__Task brief__. Below are entries; repeat exactly, and nothing else, the lines from the one holding "為更好的服務混凝土產業和推動" through the one holding "Feathers. In the", inclusive. Leave the pictures out.
------ Listed records ------
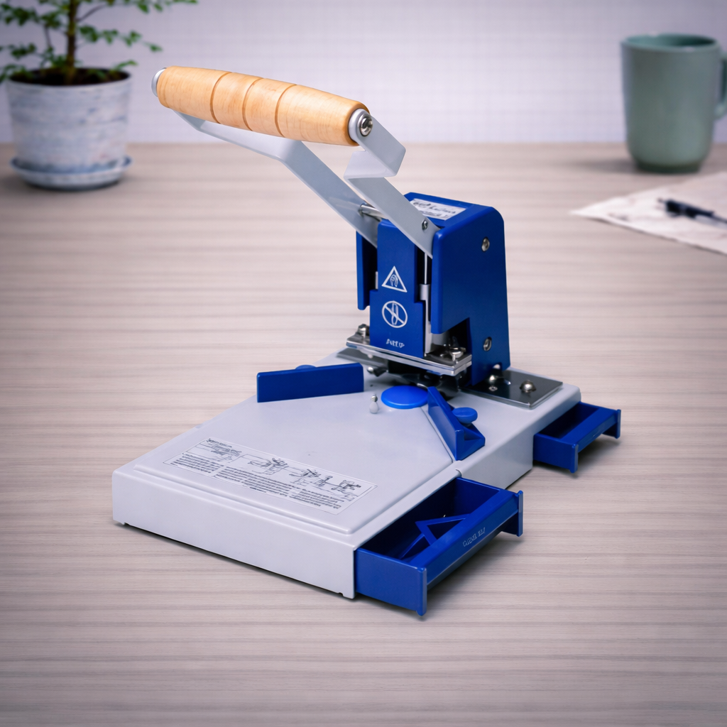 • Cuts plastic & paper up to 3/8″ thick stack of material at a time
------
------ Listed records ------
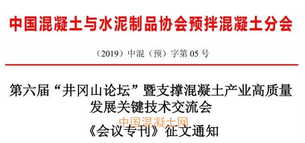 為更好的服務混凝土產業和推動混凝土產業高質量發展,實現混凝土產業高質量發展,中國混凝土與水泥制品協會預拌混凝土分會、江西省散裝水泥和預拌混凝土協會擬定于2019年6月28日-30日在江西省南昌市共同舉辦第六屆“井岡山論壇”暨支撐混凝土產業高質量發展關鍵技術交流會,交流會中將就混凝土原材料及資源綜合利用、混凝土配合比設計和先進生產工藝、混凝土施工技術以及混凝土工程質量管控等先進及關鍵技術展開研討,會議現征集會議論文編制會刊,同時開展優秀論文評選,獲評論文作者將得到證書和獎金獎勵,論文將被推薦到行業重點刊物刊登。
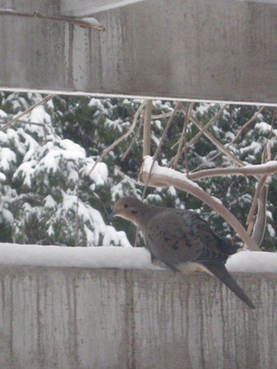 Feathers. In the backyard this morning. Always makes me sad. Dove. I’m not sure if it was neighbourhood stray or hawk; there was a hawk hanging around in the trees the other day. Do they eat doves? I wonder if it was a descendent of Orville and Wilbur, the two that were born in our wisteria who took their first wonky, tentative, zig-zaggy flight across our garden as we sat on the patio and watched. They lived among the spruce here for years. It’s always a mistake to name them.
------
------ Listed records ------
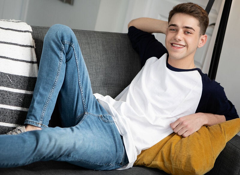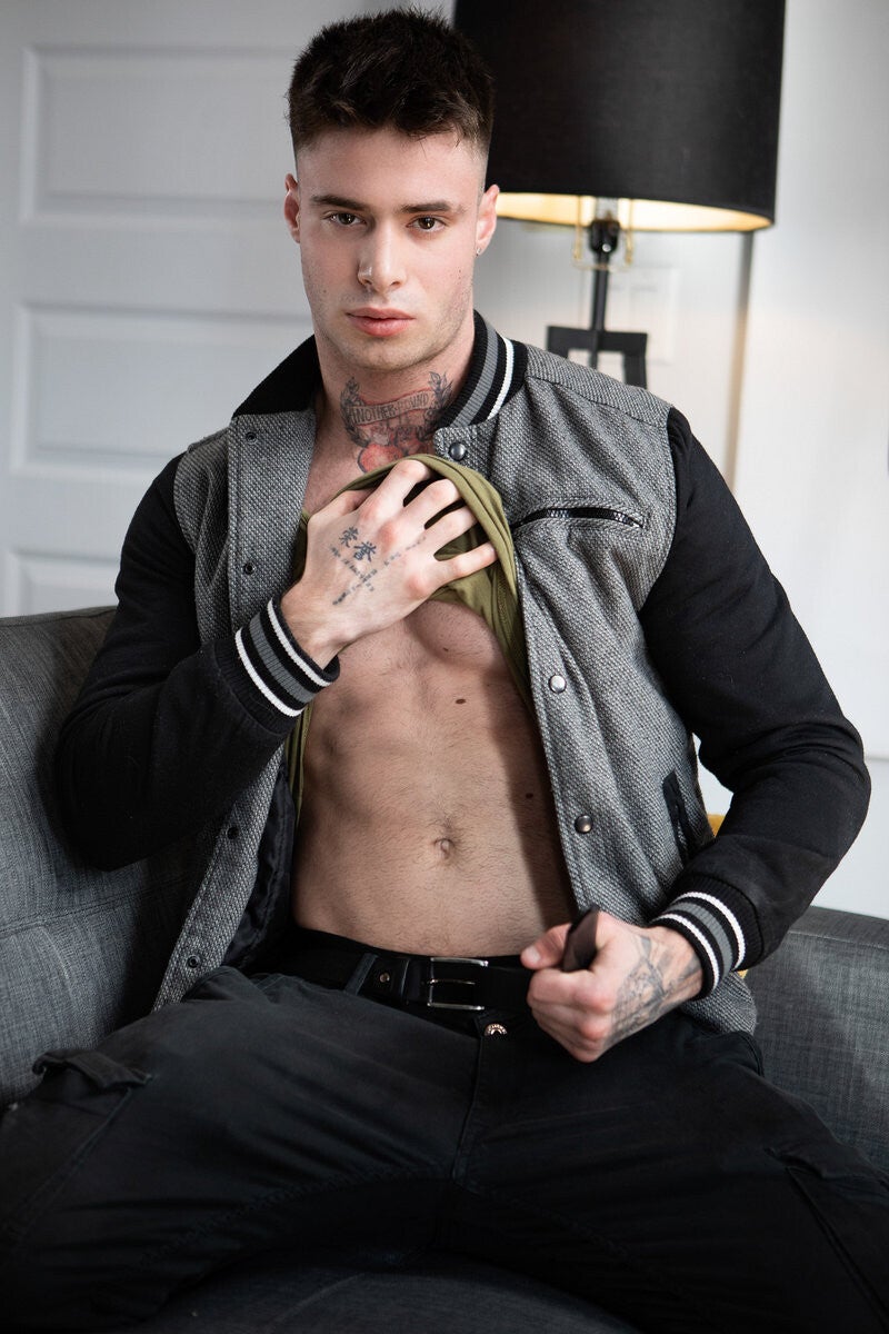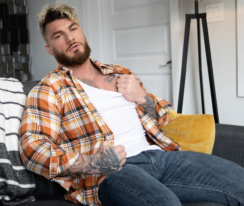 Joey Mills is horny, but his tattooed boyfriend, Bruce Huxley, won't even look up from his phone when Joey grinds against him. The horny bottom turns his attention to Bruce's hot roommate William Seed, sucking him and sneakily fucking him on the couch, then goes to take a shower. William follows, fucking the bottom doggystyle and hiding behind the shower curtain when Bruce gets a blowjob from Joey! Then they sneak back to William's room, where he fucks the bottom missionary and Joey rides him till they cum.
------
__Reply to the exercise__.
 為更好的服務混凝土產業和推動混凝土產業高質量發展,實現混凝土產業高質量發展,中國混凝土與水泥制品協會預拌混凝土分會、江西省散裝水泥和預拌混凝土協會擬定于2019年6月28日-30日在江西省南昌市共同舉辦第六屆“井岡山論壇”暨支撐混凝土產業高質量發展關鍵技術交流會,交流會中將就混凝土原材料及資源綜合利用、混凝土配合比設計和先進生產工藝、混凝土施工技術以及混凝土工程質量管控等先進及關鍵技術展開研討,會議現征集會議論文編制會刊,同時開展優秀論文評選,獲評論文作者將得到證書和獎金獎勵,論文將被推薦到行業重點刊物刊登。
 Feathers. In the backyard this morning. Always makes me sad. Dove. I’m not sure if it was neighbourhood stray or hawk; there was a hawk hanging around in the trees the other day. Do they eat doves? I wonder if it was a descendent of Orville and Wilbur, the two that were born in our wisteria who took their first wonky, tentative, zig-zaggy flight across our garden as we sat on the patio and watched. They lived among the spruce here for years. It’s always a mistake to name them.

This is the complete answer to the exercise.